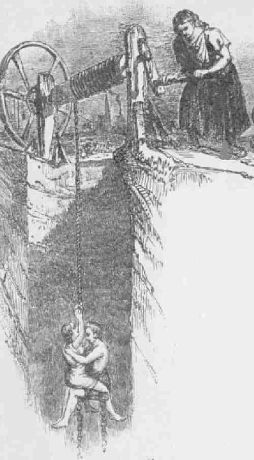 Figure 1.--Here a mother lowers her children down the mine. This was a contempory illustration, I think from the 18th century, but I am not sure who did it or precisely when. |
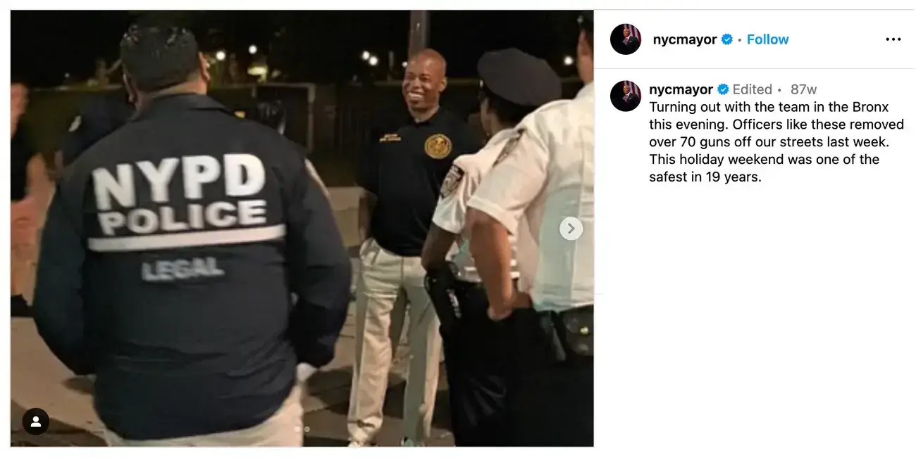 At the time, Adams was a 38-year-old NYPD lieutenant and leader of a group of Black officers that spoke out against police brutality.
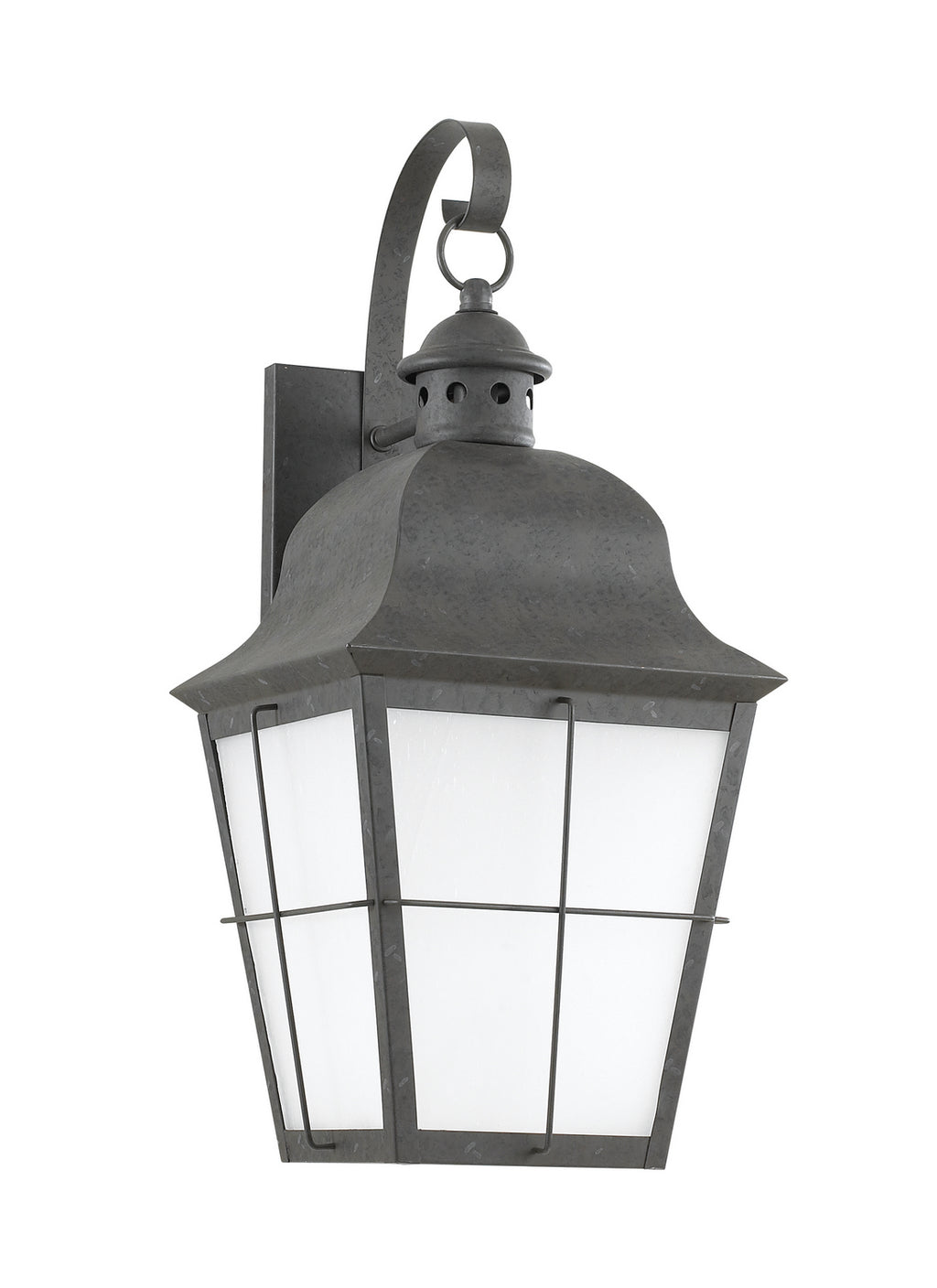 The Chatham one light outdoor wall fixture in oxidized bronze creates a warm and inviting welcome presentation for your home's exterior. Chatham outdoor by offers a timeless, traditional design with a classic window pane detailing over Frosted Seeded glass or Clear Seeded glass, and crowed with a cupola atop the dramatic mansard roofline.
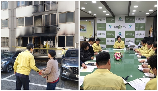 유기상 군수는 이날 화재현장을 찾아 부상자 가족들과 피해 가족을 위로하고 신속한 거주지원 대책을 약속했다.

•••

YOUR INSTRUCTIONS:
Drop the pictures; repeat the listing above exactly.

RESULT OF THIS TASK:
 Figure 1.--Here a mother lowers her children down the mine. This was a contempory illustration, I think from the 18th century, but I am not sure who did it or precisely when. |
 At the time, Adams was a 38-year-old NYPD lieutenant and leader of a group of Black officers that spoke out against police brutality.
 The Chatham one light outdoor wall fixture in oxidized bronze creates a warm and inviting welcome presentation for your home's exterior. Chatham outdoor by offers a timeless, traditional design with a classic window pane detailing over Frosted Seeded glass or Clear Seeded glass, and crowed with a cupola atop the dramatic mansard roofline.
 유기상 군수는 이날 화재현장을 찾아 부상자 가족들과 피해 가족을 위로하고 신속한 거주지원 대책을 약속했다.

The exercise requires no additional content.